The combination of tacrolimus and mycophenolate was as effective as rapamycin-based regimens in our cohort with 50% and higher rates of insulin independence^27,28. The remaining 37.5% of patients in the Reparixin group had severe adverse events including rejection or severe cytokine release syndrome. While these rates are comparable to the placebo group, they nevertheless compromise islet engraftment, and thus preclude accurate assessment of the effect of Reparixin on engraftment. Cytokine release syndrome after ATG infusion, as observed in our very first patient, has been well described in almost all patients participating in trials testing ATG in new onset T1DM even with low doses of steroids¹⁹. We addressed this problem in subsequent patients by reducing the infusion rate of ATG, dividing the same total dose into lower individual doses, and spreading the dosing over a longer period of time. Steroid avoidance, slow introduction of ATG, as well as maintenance immunosuppression led to a higher than expected acute AMR and de novo DSA rate. This complication could be possibly prevented in future studies by using methylprednisolone during the first few days after transplanting and with earlier introduction of therapeutic immunosuppression.

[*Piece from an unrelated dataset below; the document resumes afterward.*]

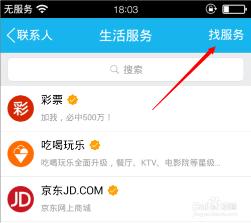 第二步:接下来再点击生活服务右上角的找服务功能。假如你已经使用过悄悄话功能,他就会在这里出现,假如没有,只能按下面的方法去找。

Although we did not find a statistically significant difference in the AUC for c-peptide/IEQ/kg, which was used to assess islet engraftment in the trial, our post-hoc analysis of AUC c-peptide/AUC glucose standardized by transplanted islet mass expressed in IEQ was statistically significant. The ratio of serum c-peptide and glucose concentration directly measures islet function and normalizes it better than body weight by accounting for differences in insulin resistance between individual. Additionally, we determined a beneficial effect of Reparixin compared to placebo on islet engraftment by day 75 based on BETA-2 score normalized by islet mass of the islet graft. We have previously validated the utility of the BETA-2 score in assessing islet graft function^9–12. A detectable difference in the serum cytokine profile (including ligand CXCL8) was not expected, as Reparixin is an allosteric receptor inhibitor that selectively blocks CXCR1 and CXCR2 without hindering ligand internalization or measurably impacting serum proinflammatory cytokines levels²⁹. Accordingly, we did not observe any difference in the serum CLCX8 profile in Reparixin vs placebo group in our cohort (Fig. 6). We hypothesized that ATG improves conditions for islet engraftment over basiliximab based on previous studies showing improved long-term insulin independence with ATG utilized along with TNF inhibitor etanercept/infliximab³⁰. A lower rate and daily dose of ATG which we applied, led to no observed difference in the release of most cytokines in the placebo group after the 1st ITx with ATG compared to the 2nd ITx with Basiliximab. As in previous reports pertaining to islet transplantation, we found the same profile of miR-375 release from islets after transplantation with a peak around 6–12 hours after ITx. Although rising levels of miR-375 has been correlated with islet destruction and worse clinical outcomes we did not note this correlation^31,32.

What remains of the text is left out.